The numerous books and articles that have been devoted to Courbet's well-known canvas The Painter's Studio (fig. 1) invariably presuppose that the painting is a pictorial manifesto rather than a factual representation of what went on in the artist's studio — indeed, that The Painter's Studio “hides making” and “shows creation.” This premise appears to be justified by the work's complete title, L’Atelier du peintre: Allégorie réelle déterminant une phase de sept années de ma vie artistique (The Painter's Studio: Real Allegory Determining a Phase of Seven Years of My Life as an Artist), which encourages an allegorical reading — though the word “real” appears to suggest that the allegory is constructed from, or may contain, real elements.
In the century and a half since it was painted, the monumental canvas has been interpreted in countless different ways. It has been linked with the ideas of philosophers Charles Fourier and Pierre-Joseph Proudhon; it has been read as a Masonic allegory in which each figure stands for a significant nineteenth-century political personage; and it has been cited as an example of Courbet's “embodiment” in his own paintings, to mention only a few examples. In this article I will not attempt to add yet another explanation of, or layer of meaning to, Courbet's deliberately enigmatic and endlessly polysemic “real allegory” (in a letter to a friend, he wrote that the painting was “passablement mystérieux” and added, “divinera qui pourra”). Instead, I intend to subvert not only the standard approach to the painting but also the theme of this collection of essays, by trying to assess to what extent L’Atelier du peintre, despite its apparent emphasis on “showing creation,” reveals something about Courbet's “making” — and does so, I shall argue, deliberately.
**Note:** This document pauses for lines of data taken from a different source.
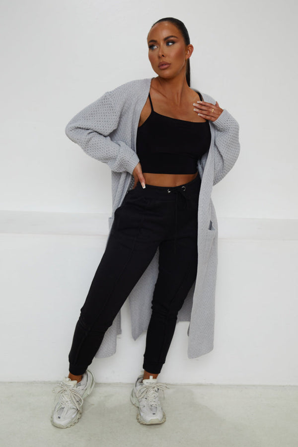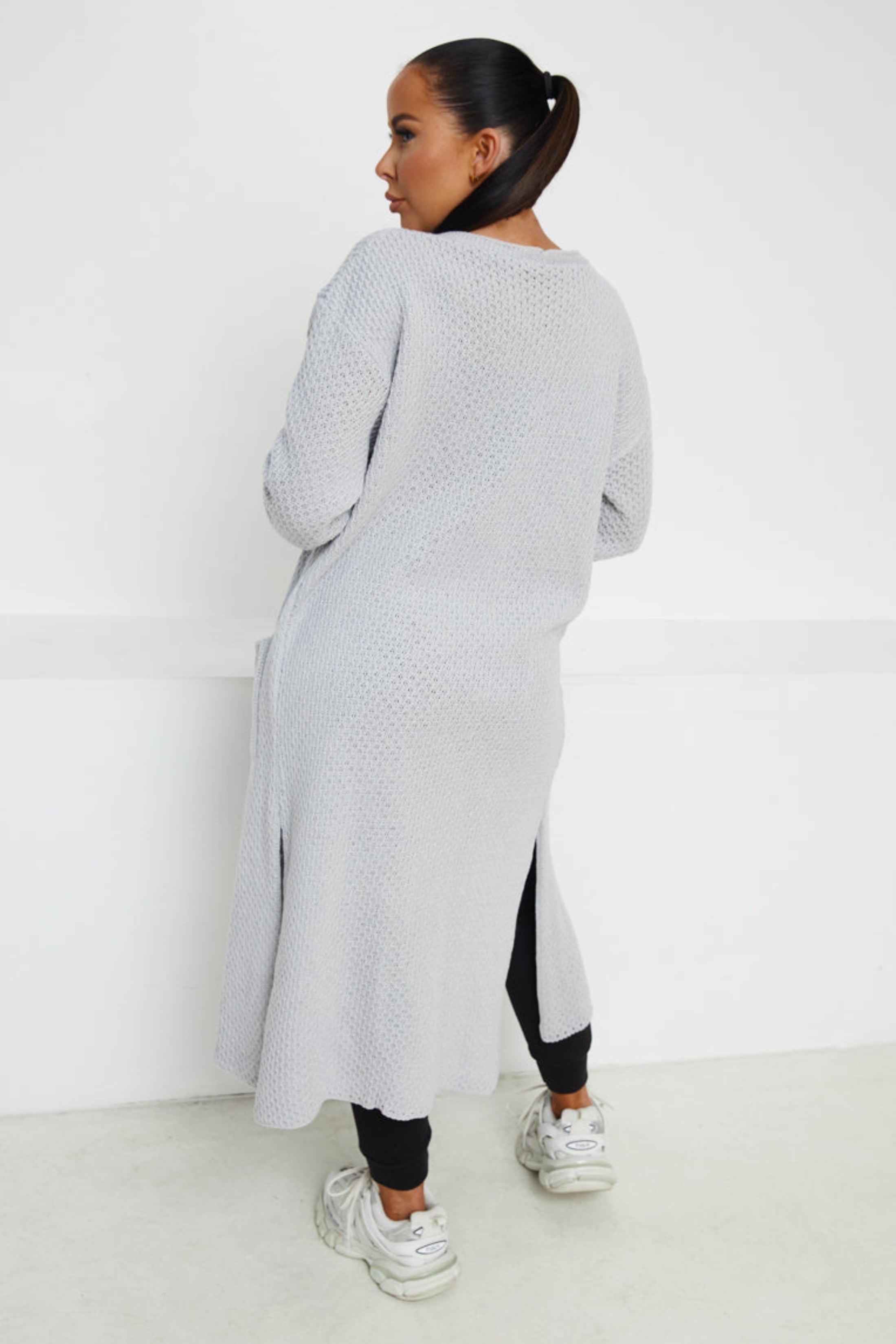Grey Knitted Long Sleeve Side Split Longline Midi Cardigan - Avery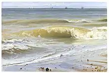 - Meeresbrandung mit fernen Schiffen (Oleaje marino con barcos lejanos), 1836, Galería Nacional de Arte de Karlsruhe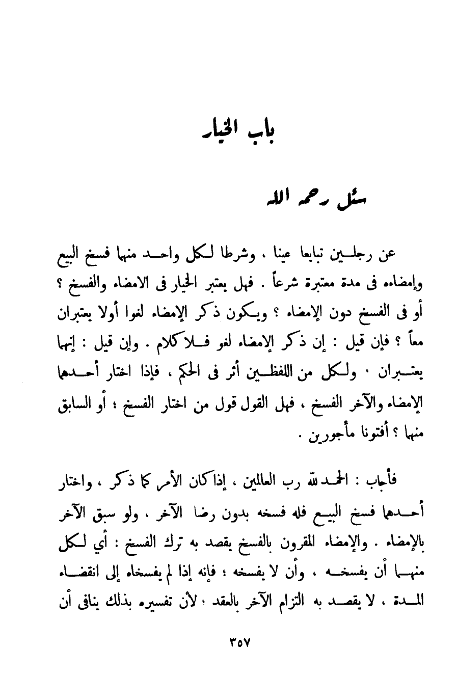 الْحَمْدُ لِلَّهِ رَبِّ الْعَالَمِينَ، إذَا كَانَ الْأَمْرُ كَمَا ذُكِرَ وَاخْتَارَ أَحَدُهُمَا فَسْخَ الْبَيْعِ فَلَهُ فَسْخُهُ بِدُونِ رِضَا الْآخَرِ وَلَوْ سَبَقَ الْآخَرَ بِالْإِمْضَاءِ. وَالْإِمْضَاءُ الْمَقْرُونُ بِالْفَسْخِ يُقْصَدُ بِهِ تَرْكُ الْفَسْخِ: أَيْ لِكُلٍّ مِنْهُمَا أَنْ يَفْسَخَهُ وَأَنْ لَا يَفْسَخَهُ؛ فَإِنَّهُ إذَا لَمْ يَفْسَخَاهُ إلَى انْقِضَاءِ الْمُدَّةِ لَا يَقْصِدُ بِهِ الْتِزَامَ الْآخَرِ بِالْعَقْدِ لِأَنَّ تَفْسِيرَهُ بِذَلِكَ يُنَافِي أَنْ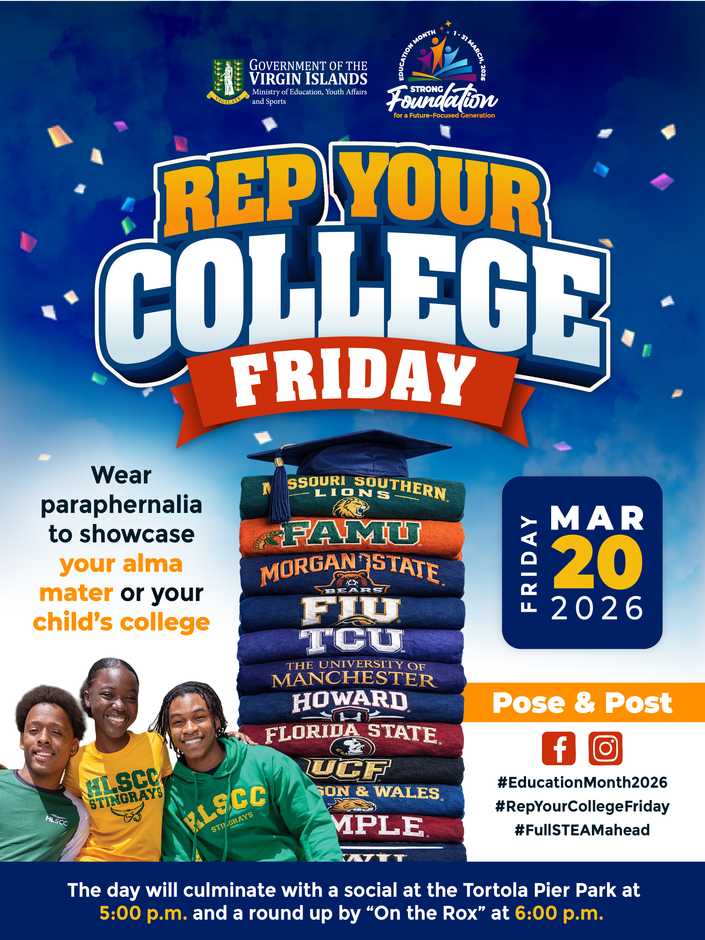 Also on Friday, 20th March, schools across the Territory will host Open House activities, and the public is encouraged to participate in “Rep Your College Friday” by wearing apparel representing their alma mater or their child’s college or university.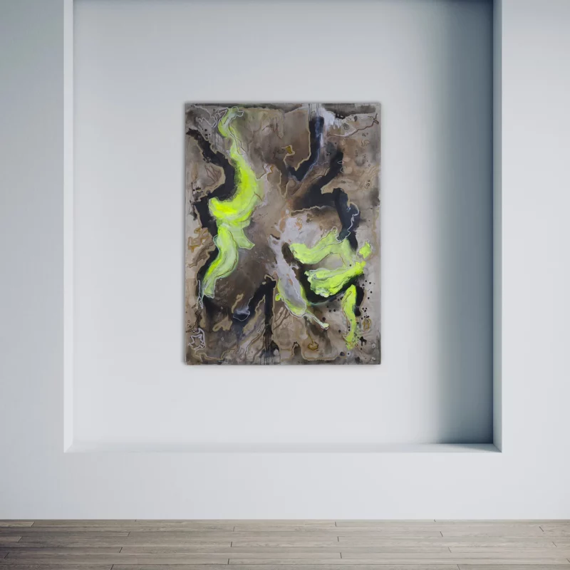Je to obraz touhy. Ne po věcech, ale po stavech – kdy tělo i mysl ztratí tíhu. Slova „GET ME HIGH“ nejsou výzvou k útěku, ale k překročení sebe sama. Nechala jsem barvy téct tak, jak mi tekla energie – rychle, rozmazaně, neřízeně. Je to vrstvení pocitů, které nemají řád, ale mají sílu. Intenzita růžové mě málem pohltila – a to je přesně to, co jsem chtěla. Unést se a pak spadnout zpátky na plátno.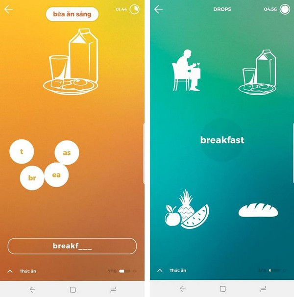 Drops sẽ đưa ra những hình thức vừa học vừa chơi để người dùng có thể ghi nhớ các từ mới, bao gồm việc ghép từ với hình ảnh minh họa cho chính xác, ghép nối các chữ với nhau để thành từ hoàn chỉnh... điều này giúp người dùng không chỉ nhớ được từ mới mà còn nhớ được cách viết của các từ mới.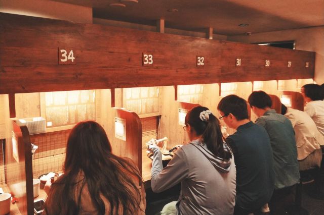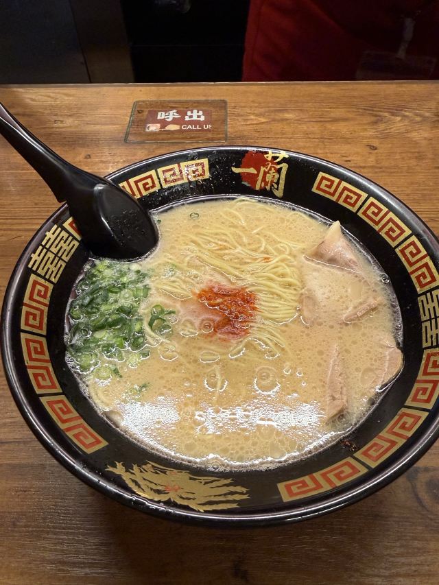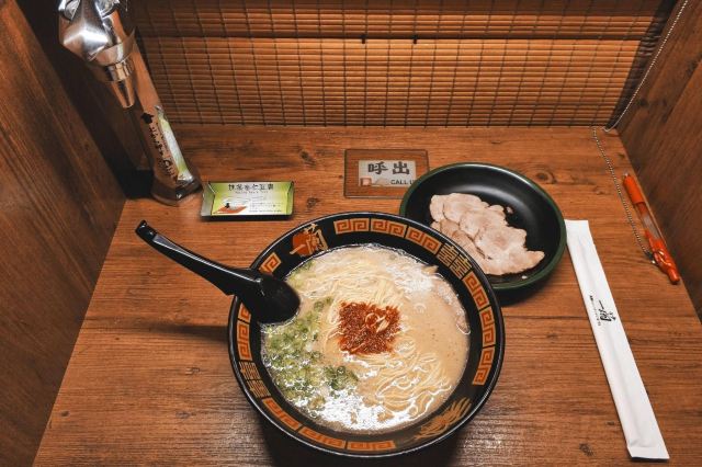 一兰起源于九州,是博多拉面的一种,也是当地豚骨白汤拉面的代表,这里拥有“一个人也可以吃拉面”和“专心吃面”的拉面文化,与众不同的小隔间设计,私密性很好。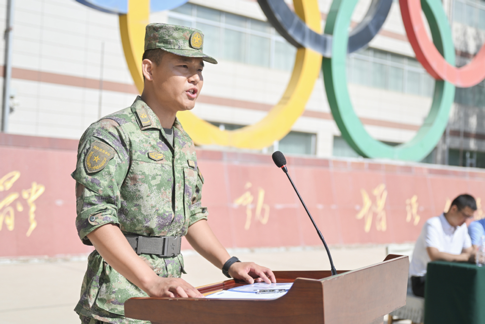 承训部队教官代表作了发言,他鼓励所有同学要继续努力,将军人的严谨作风融入学习、将军人的团队精神融入生活、将军人的坚韧意志融入实践、将军人的爱国情怀融入理想,不断提升能力素质,成长为德智体美劳全面发展的社会主义建设者和接班人。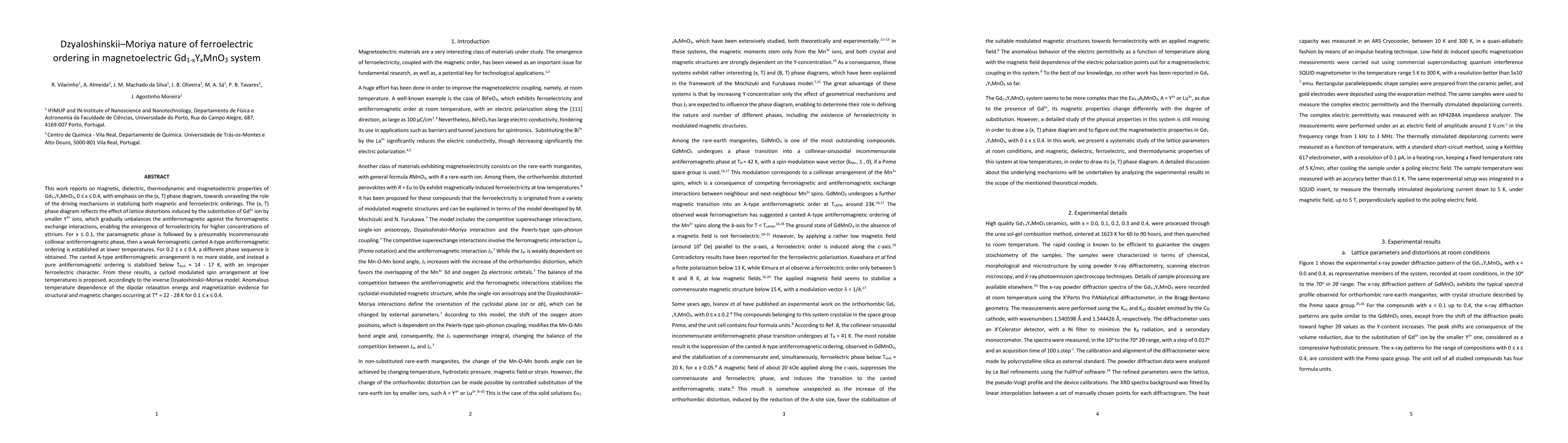 This paper explores the magnetic, dielectric, and magnetoelectric properties of Gd$_{1-x}$Y$_{x}$MnO$_{3}$ to understand the mechanisms stabilizing ferroelectricity and magnetic ordering. The study reveals that lattice distortions from Y$^{3+}$ substitution drive the emergence of ferroelectricity, proposing a cycloid spin arrangement at low temperatures consistent with the Dzyaloshinskii-Moriya model.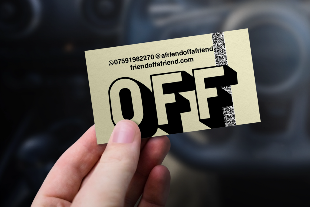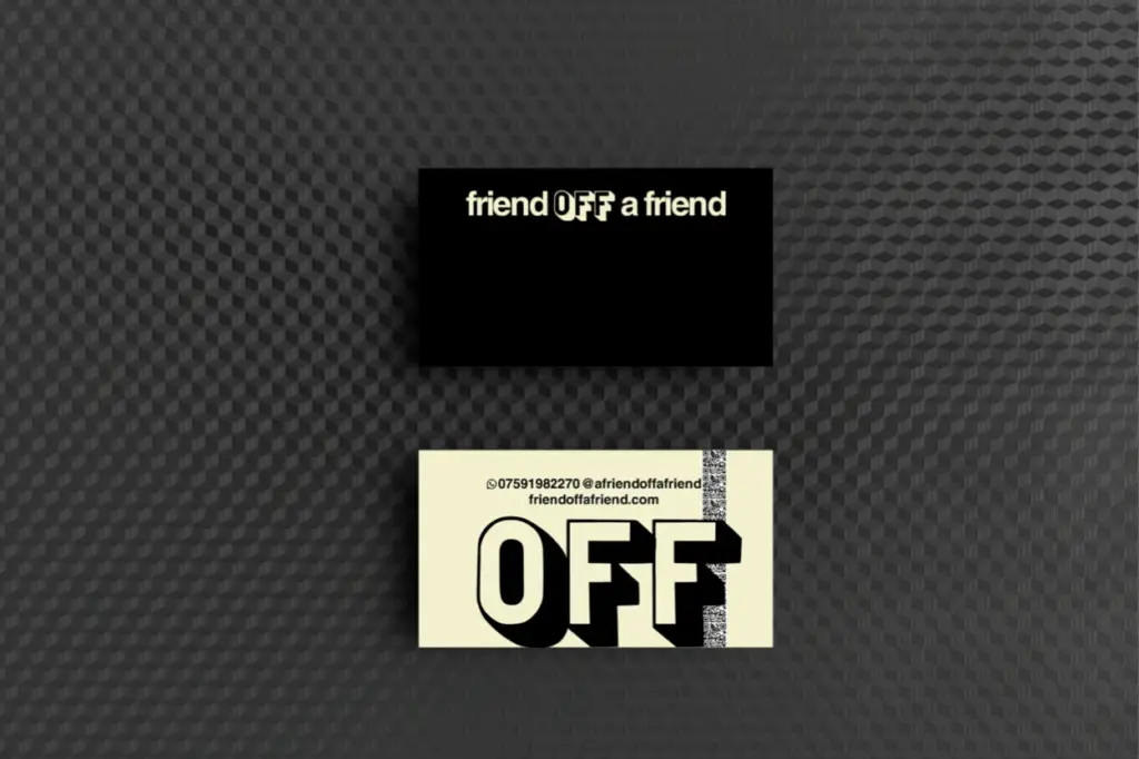 The business card design is bold, functional, and perfectly aligned with the brand’s identity. The front is clean, featuring the full name against a black background, projecting professionalism while retaining an alternative edge. The reverse side, dominated by the iconic “OFF” graphic, serves as a strong visual stamp. The vertically placed QR code integrates seamlessly without disrupting the composition.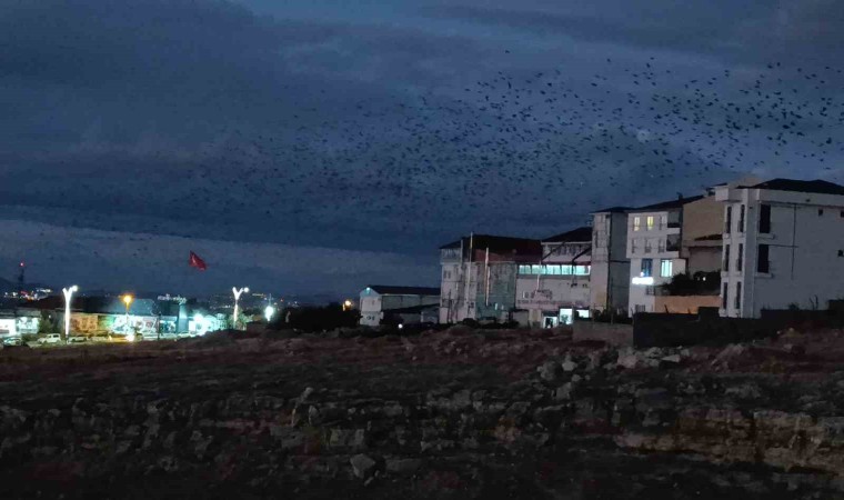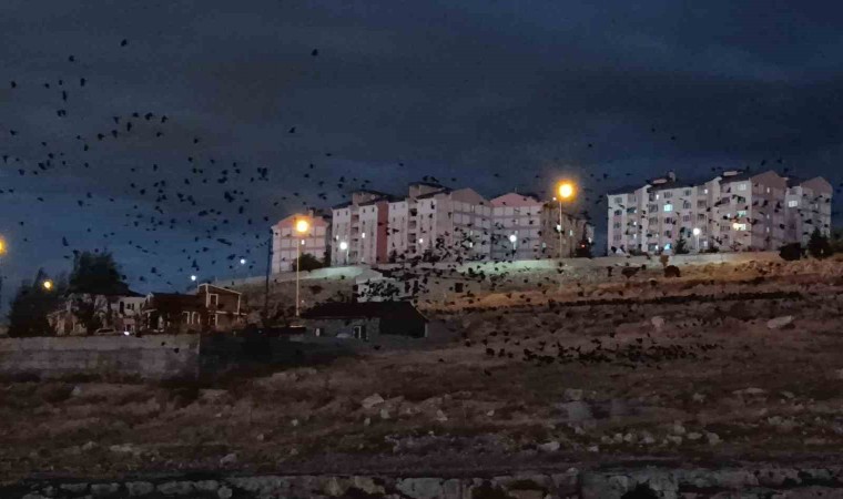 Van’ın Edremit ilçesinde toplanan binlerce karga, gökyüzünü adeta siyaha bürüdü.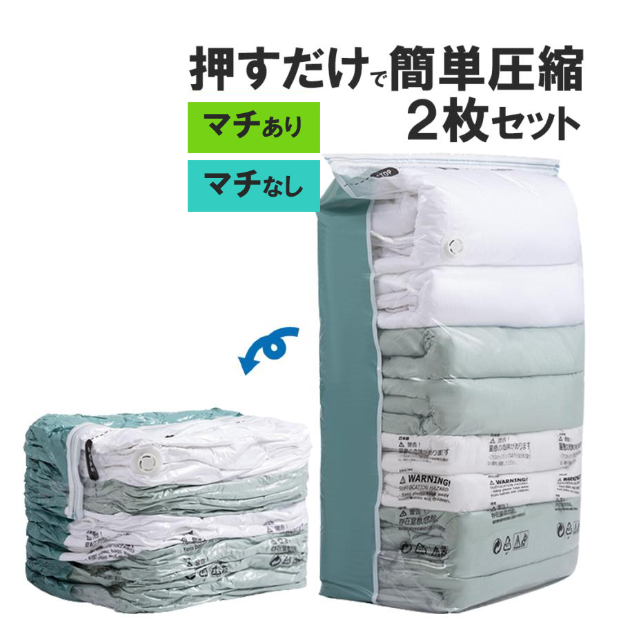 圧縮袋 衣類 布団圧縮袋 2枚セット 収納袋 掃除機不要 掃除機 ポンプ 不要 布団 ふとん 立体 マチ付き マチなし 大容量 特大 立体 新生活 ポイント利用 母の日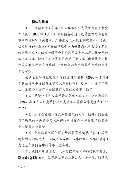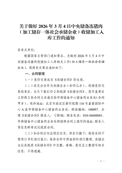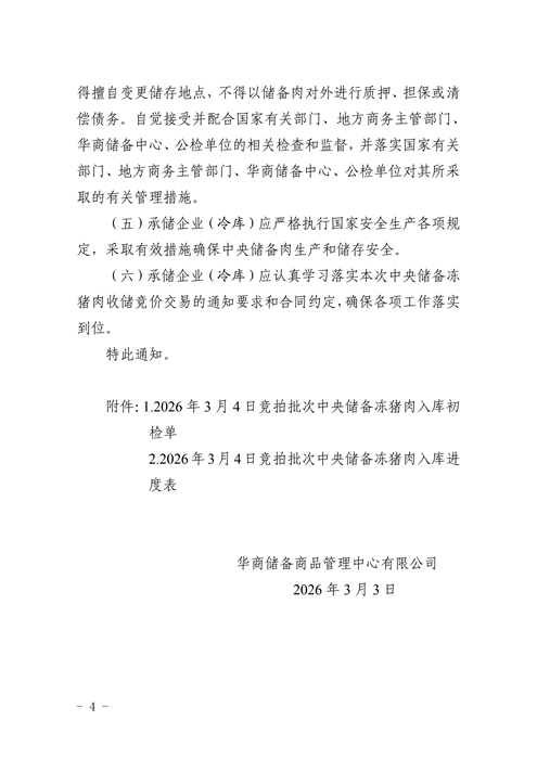 關于做好2026年3月4日中央儲備凍豬肉(加工儲存一體社會承儲企業)收儲加工入庫工作的通知

In The Painter's Studio, Courbet has portrayed himself in the center of his Paris studio. Flanked on the right by a group of patrons, critics, and friends and on the left by a motley crowd of contemporary popular types — hunter, farmer, clown, priest, Jew, veteran — the artist is seated at his easel, which supports a large, nearly finished canvas. (Judging by its relationship to the figures nearby, it must measure a little over a square meter.) Though commonly referred to as a view of the Franche Comté, the painting does not appear to depict a specific site in the region, nor does it resemble any known work by Courbet.